3.2 From MPs to match graphs
Here, we describe the graphical framework in the case of arbitrary mutation rates μi at loci i=1,…, L. (As we will discuss in Section 6.1, there is a simplified representation if μi are the same for all i.) Let xi ≡ yi denote the event that alleles at locus i are identical (or match) in individuals x and y. To the probability of a particular match relation (e.g. x1 ≡ y1, x2 ≡ y2 and x3 ≡ z3), associate a match graph constructed as follows:
Create a vertex labeled x for individual x.

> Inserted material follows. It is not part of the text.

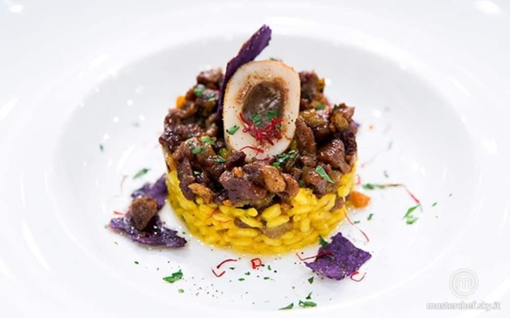 Rosolare lo scalogno finemente tritato con poco burro, tostare il riso, e farlo cuocere con il brodo vegetale precedentemente filtrato; a metà cottura unire lo zafferano precedentemente messo a bagno in un bicchierino d'acqua e un cucchiaio dello spezzatino, continuare la cottura e aggiustate di sale e pepe. Mantecare il riso con parmigiano e burro e lasciare riposare qualche minuto prima di Impiattare.

Draw an undirected edge labeled i between vertices x and y if and only if xi ≡ yi.
Remove all vertex labels.
The reason for removing all vertex labels in the last step is as follows. Any two MPs are equal under random mating if they are related by some permutation of the labels of individuals. For example, ℙ(x1 ≡ y1, x2 ≡ z2) and ℙ(x1 ≡ y1, y2 ≡ z2) are equal under random mating. In terms of our graphical representation, such an equality of MPs translates to the statement that two fully labeled graphs (in which all vertices and edges are labeled) are equivalent if they are isomorphic as edge-labeled graphs (i.e. ignoring vertex labels). An L-locus match graph has L edges, one for each locus.
Shown in Figure 1 is the match graph corresponding to ℙ(x1 ≡ y1,…, xL ≡ yL), the probability that two randomly chosen individuals have matching alleles at L loci. We use PWFL and PML to denote this L-locus MP in the WF and Moran models, respectively. Our main objective is to compute PWFL and PML. To solve for PWFL in equilibrium, we need to find a system of coupled linear equations in which PWFL appears as one of the unknown variables; as we will see in Section 6.1, the total number of unknown variables in such a system grows extremely fast as the number of loci increases.
3.3 Vertex split and merge operations
Given a number of individuals at generation t and a match relation involving them, the probability of the match relation can be written as a linear combination of MPs involving their parents. Recall that, forward in time, a reproduction event involves choosing two individuals (each with replacement) and creating a new offspring gamete from the two chosen gametes via recombination and mutation. To capture this model of reproduction, we consider the following two kinds of operations on match graphs:
3.3.1 Vertex split to represent recombination
Consider an individual x whose alleles at k > 1 loci are involved in a match relation. In the graph corresponding to that match relation, the degree of vertex x is k. If the alleles at the k loci trace back to two parental gametes as a consequence of recombination (c.f. Section 2.2), then split the vertex x into exactly two vertices v1 and v2, distributing the set of edges that used to be incident with x to v1 and v2. In the WF model, more than one vertex in the original graph may split, while in the Moran model at most one vertex may split. A graph resulting from performing a set of splits allowed in a single generation is called a split graph.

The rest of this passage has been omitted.